It is extremely important for parents to encourage their teens to either volunteer or get a job. There are many benefits to teens taking on the responsibility of volunteering and working, and these skills and life lessons they learn will carry on throughout their lives. The simple skills they learn in the work environment settings such as handling money and professionalism are skills they wont get anywhere else.

Volunteering is great for not only getting involved in the community, but it will help boost resumes and college applications when the time comes. Having the chance to volunteer will help them find a business or cause they love and help grow their ambitions about their career goals. Volunteering not only gives them an opportunity to change lives, but can also change their own lives.

How Early Should a Teen Working?

Parents should start discussing the topic of working with their teens when they are around the age of 14. Federal law makes 14 the minimum age for most paying jobs, but there are exceptions, such as babysitting, farm work, and working for a family business. Some states have child labor laws that set older minimum ages, so be sure to double check your state’s to see how old your child needs to be, what forms you need to fill out as well as law restrictions.

How Early Should a Teen Volunteer?

Hopefully your kids have volunteered at least once before they are teens. You can get them involved with volunteering in your community at a younger age by doing it as a family. This not only builds their moral fiber, but it also builds a great family bond. Unlike school, with volunteering your teen gets to choose what really interests then and who or what is most deserving of their time. The flexibility of volunteering and the variety of options will help your child grow that they are and truly find what makes them happy.

How to Find Job Opportunities For your Teen:

  • Use Easily Accessible Resources. One of the best resources that tends to go highly unseen by teenagers are their school guidance counselors. They are a great resource for your teens out to in order to see if there are any known available positions open. Also guidance counselors typically go above and beyond and will help them search for suitable jobs as well and prepare them for interviews.
  • Ask and You Shall Receive. Asking never hurt anyone, and sometimes the only way to find out is to ask. Have them go to their favorite hang out spots, such as restaurants, movies or even the mall, and ask If there are any jobs available. If not, ask to fill out an application incase a position opens up. Showing their interest will put them at the top of the waiting list.
  • Look for Signs. Keep your eyes open. Sometimes it is as simple as looking for signs in the windows or billboards that say the company is hiring.
  • Social Media Networking. Post on their social media sites that they are looking for a job, and see if any friends or families know of any opportunities.

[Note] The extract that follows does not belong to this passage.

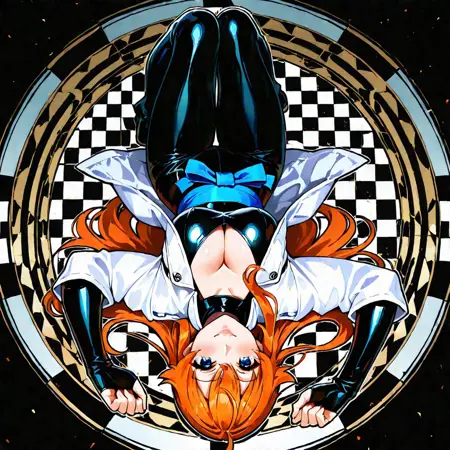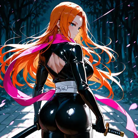 to call use the keyword: Niwa_Masami, orange hair, latex, blue eyes, cleavage, white jacket, samurai,

How to Find Volunteering Opportunities That Are Right For Your Teen:

Even as adults, we find it hard to know what we want and like, just imagine how hard it is for teens to figure that out! In a sea of opportunities, sometimes it can be overwhelming and teens may not know where to begin in deciding where they want to work or volunteer. Sit them down and discuss general topics that will help lead the search of work and volunteering into a narrower search. Some ideas for that would be:

  • Help kids learn and grow. Become a Big Brother or Big Sister, camp counselor, or volunteer for an after-school sports program. Special Olympics games and events are great ways to get to know special-needs kids.
  • Give back over the holidays. Serve Thanksgiving dinner to the homeless, volunteer at your local food bank, or distribute toys to kids. Your church, temple, mosque, or other place of worship also may be able to use your help.
  • Play with pets at a local animal shelter. Most shelters depend on volunteers to keep the cats and dogs happy and well exercised. (And when you’re walking rescued dogs, you get a workout too.)
  • Volunteer for a political campaign. If you’re interested in politics, it’s a great way to find out how things work on the inside. Even if you can’t vote, you can still work to get your candidate elected — whether it’s the president of the United States or your town mayor.
  • Help the environment. Join a conservation group and help out with river preservation. Take part in a local park cleanup day. You don’t have to be an outdoorsy type if you can’t picture yourself hauling trees up a hill, you could help out in a park office or education center.
  • Support a health-related cause. Lots of us are close to people who have a medical problem (like cancer, HIV, or diabetes, for example). It can feel good to donate your time to an organization that raises money for research, delivers meals, or offers other help to people with an illness.

If you have more than one thing you love, find a way to combine the two. For example, if you love kids and are great at arts and crafts, visit your local children’s hospital and offer to lead art activities for young patients.